Contest problem - Solution is beyond my comprehension

Question

Starting with the number 0, Casey performs an infinite sequence of moves as follows: he chooses a number from {1, 2} at random (each with probability $\frac{1}{2}$) and adds it to the current number. Let $p_m$ be the probability that Casey ever reaches the number m. Find $p_{20}$ − $p_{15}$. Answer: $\frac{11}{2^{20}}$

This problem appeared in Harvard-MIT math tournament. The solution for this is posted at this website, http://hmmt.mit.edu/static/archive/february/solutions/2015/combo.pdf. The solution given in this problme does not reach my stone head. But I solved it in another way that is very primitive. Could someone let me know how this recurrence relation is obtained in this solution.

Answer 1

In order for Casey to fail to reach $n$, he must reach $n-1$ and then pick $2$. The probability that he reaches $n-1$ is $p_{n-1}$, and the probability that he picks $2$ on his next step is $\frac12$, so the probability that he fails to reach $n$ is $\frac12p_{n-1}$. The probability of the complementary event that he does reach $n$ must therefore be $1-\frac12p_{n-1}$, so we have the recurrence $p_n=1-\frac12p_{n-1}$.

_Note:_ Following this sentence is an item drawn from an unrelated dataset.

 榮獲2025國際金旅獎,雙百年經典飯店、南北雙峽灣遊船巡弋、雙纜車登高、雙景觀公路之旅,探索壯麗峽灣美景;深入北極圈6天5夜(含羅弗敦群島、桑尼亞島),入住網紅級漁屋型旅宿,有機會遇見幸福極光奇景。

The rest of the posted answer is simply one way of solving this recurrence to get a closed form. Subtracting $\frac23$ from both sides, we have

$$p_n-\frac23=1-\frac12p_{n-1}-\frac23=\frac13-\frac12p_{n-1}=-\frac12\left(p_{n-1}-\frac23\right)\;.\tag{1}$$

Now let $x_n=p_n-\frac23$; $(1)$ shows that $x_n$ satisfies the recurrence $x_n=-\frac12x_{n-1}$. Thus, $x_1=-\frac12x_0$, $x_2=\left(-\frac12\right)^2x_0$, and in general $x_n=\left(-\frac12\right)^nx_0$: at each step you’re simply multiplying by $-\frac12$. Moreover, $x_0=p_0-\frac23=1-\frac23=\frac13$, so

$$x_n=\left(-\frac12\right)^n\cdot\frac13=\frac{(-1)^n}{3\cdot2^n}\;.$$

And $p_n=x_n+\frac23$, so we have finally

$$p_n=\frac23+\frac{(-1)^n}{3\cdot2^n}\;.$$

By the way, that $-\frac23$ doesn’t really appear by magic; this answer explains where it came from.